[Data segment]
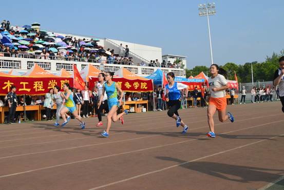 本网讯(通讯员/符晓风)4月14日上午,女子100米比赛在东南校区体育场展开激烈的决赛角逐。
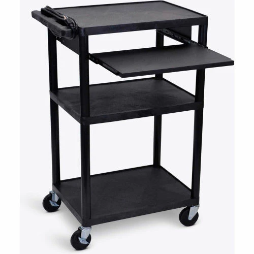 Cart with Pull-Out Laptop Shelf features a 19-½” W x 16″ D retractable shelf that is perfect for use with laptop or notebook computers.
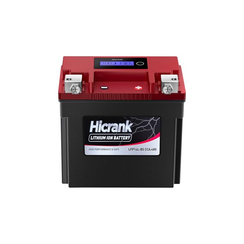 Hicrank YTX14L-BS (GYZ16H) Lithium 12V 8Ah 480CCA LiFePO4 Motorcycle Battery, Powersports Battery
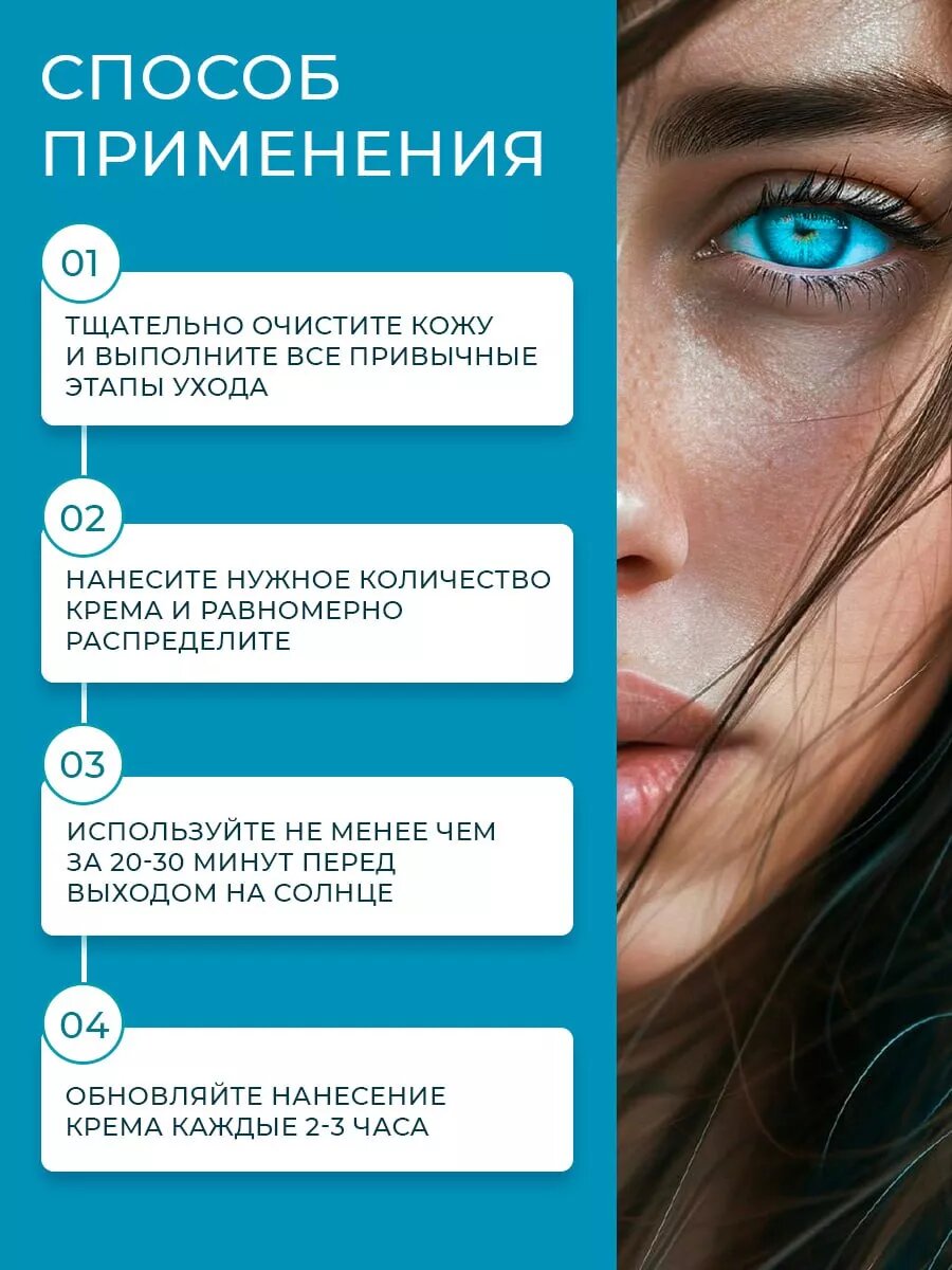 | Способ применения | нанести на лицо и открытые участки тела за 20-30 минут до выхода на улицу. Уменьшение количества крема или неравномерное распределение значительно снизит уровень защиты. Не рекомендуется долгое нахождение на солнце, даже при использовании солнцезащитного крема |

[Prompt]
Word for word, restate the lines above from the first through the one that contains "Cart with Pull-Out", and exclude all pictures.

[Answer section]
 本网讯(通讯员/符晓风)4月14日上午,女子100米比赛在东南校区体育场展开激烈的决赛角逐。
 Cart with Pull-Out Laptop Shelf features a 19-½” W x 16″ D retractable shelf that is perfect for use with laptop or notebook computers.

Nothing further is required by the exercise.